If you need to be able to sort or filter e.g. by last name, then it would be better to have separate columns for these fields.
If you're looking for reasons why a single "name" field might be preferred, here's a blog I ran across awhile back about Falsehoods Programmers Believe About Names that might be enlightening. If your user base is culturally diverse, some of your assumptions about what makes a name may be wrong.
Some of the systems that I work with on a daily basis tend to have two fields. First, a "login name" or "username" (or email address, in the case of Bugzilla) that is permanent and used to uniquely identify a user for login. Second, a "display name" or "real name" (in the case of MediaWiki) that can be changed by the user.
The systems I work with that have "first name", "middle name", and "last name" seem to be systems that are geared toward storing contact information (CRM systems or billing systems).
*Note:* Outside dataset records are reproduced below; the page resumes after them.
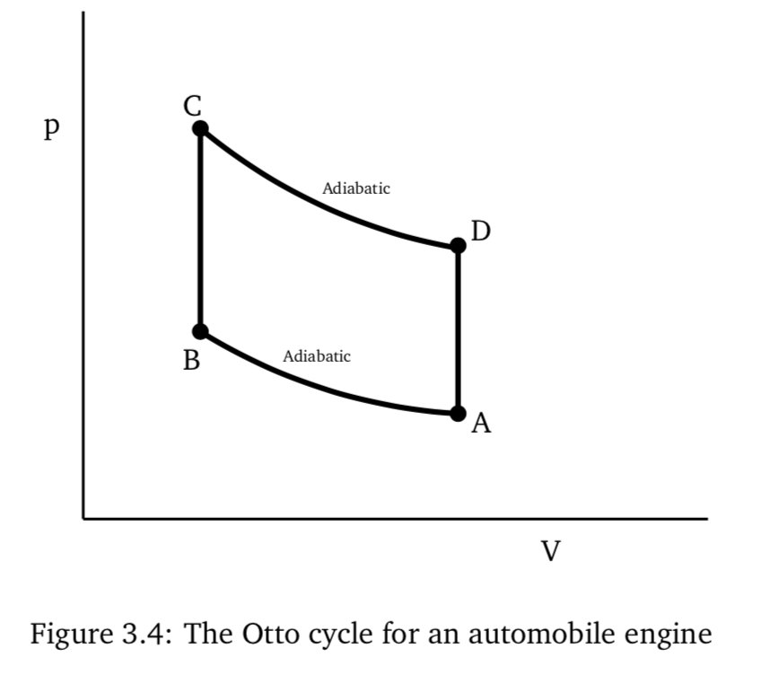 The automobile engine operates in four steps, with the injection of the fuel-air mixture into the cylinder. It undergoes compression which can be idealized as being adiabatic. The ignition then raises the pressure to a high value with almost no change of volume. The high pressure mixture rapidly expands, which is again almost adiabatic. This is the power stroke driving the piston down, The final step is the exhaust when the spent fuel is removed from the cylinder. This step happens without much change of volume. This process is shown in Fig. 3.4. We will calculate the efficiency of the engine, taking the working material to be an ideal gas.
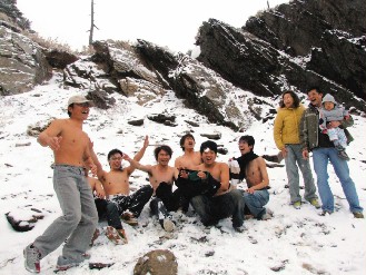 玉山迎來(lái)今年第一場(chǎng)雪 市民光膀子撒歡(圖)
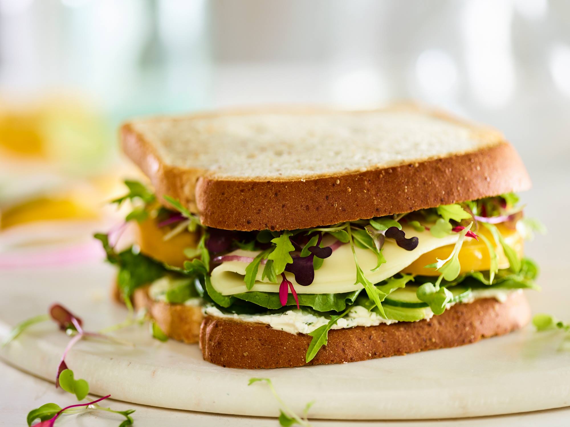 Udi's Gluten-Free Soft Sandwich Bread (24 oz., 1 Case, 6 Count) sits on a wooden table surrounded by garden flowers, with slices of the soft bread displayed in front.Two slices of Udi's Bread White Soft Sandwich Gluten Free rest on a wooden board, surrounded by lush green foliage in the background.
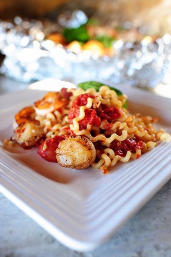 This versatile seafood pasta recipe is perfect for those nights when you can't decide between scallops and shrimp or between artichokes and olives. Sear your seafood of choice on the stovetop, add in whatever veggies you have on hand, then wrap it all up in aluminum foil along with some cooked pasta to bake in the oven.
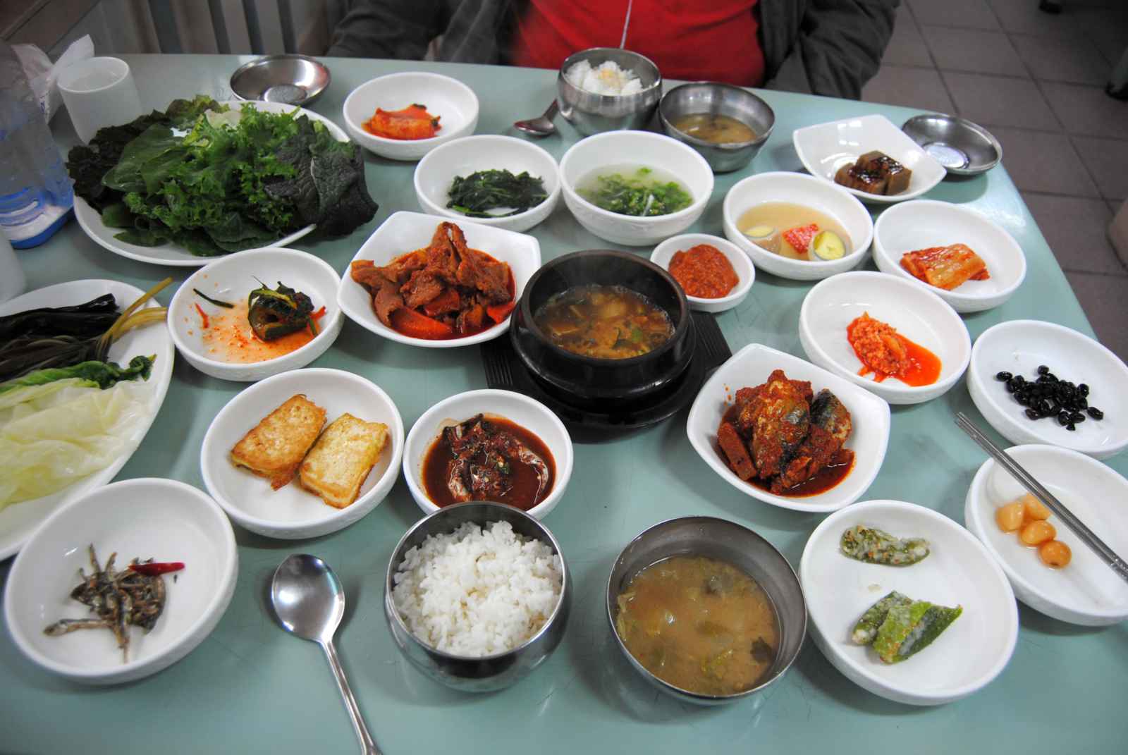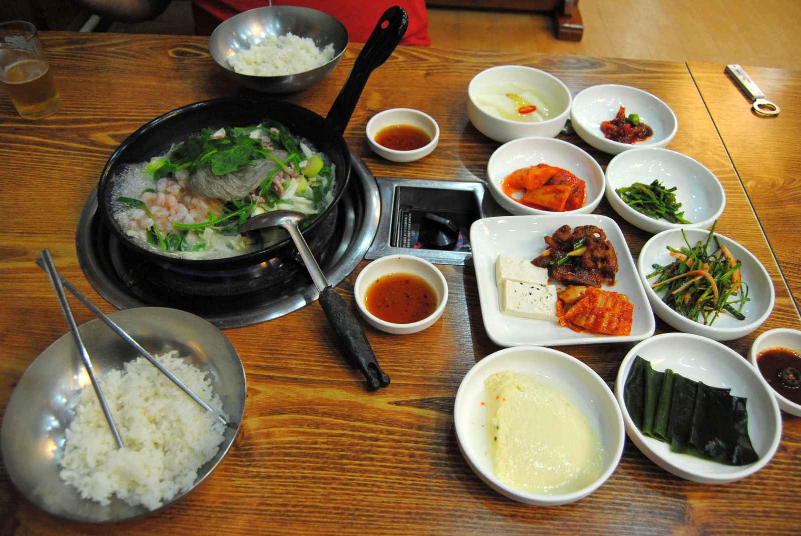 O principal elemento das refeições do país, chama-se kimchi, uma conserva de vegetais preparados com acelga e rabanete, e que hoje em dia é consumido até no café da manhã. E, por falar em café da manhã, a primeira refeição do dia, definitivamente, não é a especialidade dos caras, principalmente para nós ocidentais. É comum alguns hoteis não servirem a primeira refeição do dia e, os que servem... Prefiro dizer que são bem diferentes dos nossos, hehehe. Eles comem de tudo... Até peixinho frito e arroz. Então, recorríamos às centenas de lojas de conveniência espalhadas por todo o país. Para comer, você pode utilizar a mão, como fazem os mais tradicionais, ou o hashi de inox, o famoso pauzinho oriental, e colher. Eles não utilizam faca. Água por lá é servida de graça e refrigerante quase não se vê nos restaurantes, mas se você pedir tem. Os coreanos mais tradicionais têm o costume de não conversar à mesa, pois a comida, para eles, é para matar a fome e não para ser saboreada. Ah! Não deixe resto de comida no prato, pois esse é o sinal máximo da falta de educação e de que não gostou do que comeu. Eles ficam super sentidos com isso. Para quem está de dieta, visitar a Coreia é uma "mão na roda"! As refeições são muito saudáveis e quase não há fritura. Se você gosta de comida apimentada tambem irá tirar a barriga da miséria... Para eles, quanto mais pimenta melhor.

My guess is that it's a holdover from paper forms (Rolodex, mail-in forms, invoices, etc.), but I have no references to substantiate that.

Depends if you need the name separated, for example, in case of a filter by last name. This is very restricted by the use that you'll take for this field. At the moment I never needed this situation, I'm always used only one field for the person name.

i suggest to use first name and last name on two columns.
if you have a middle name, it will saved in first name.
if you want the first name and the last name is possible with sql or c# or other language concatenate. If you save on one column, the order is fixed as you saved.(if you saved last name + first name, you can't show frist name + last name without using split, that is a bad solution)
is more accurate and clear.

Naturally this will depend a bit on the expected scope of your database (i.e. global, national, internal, etc.)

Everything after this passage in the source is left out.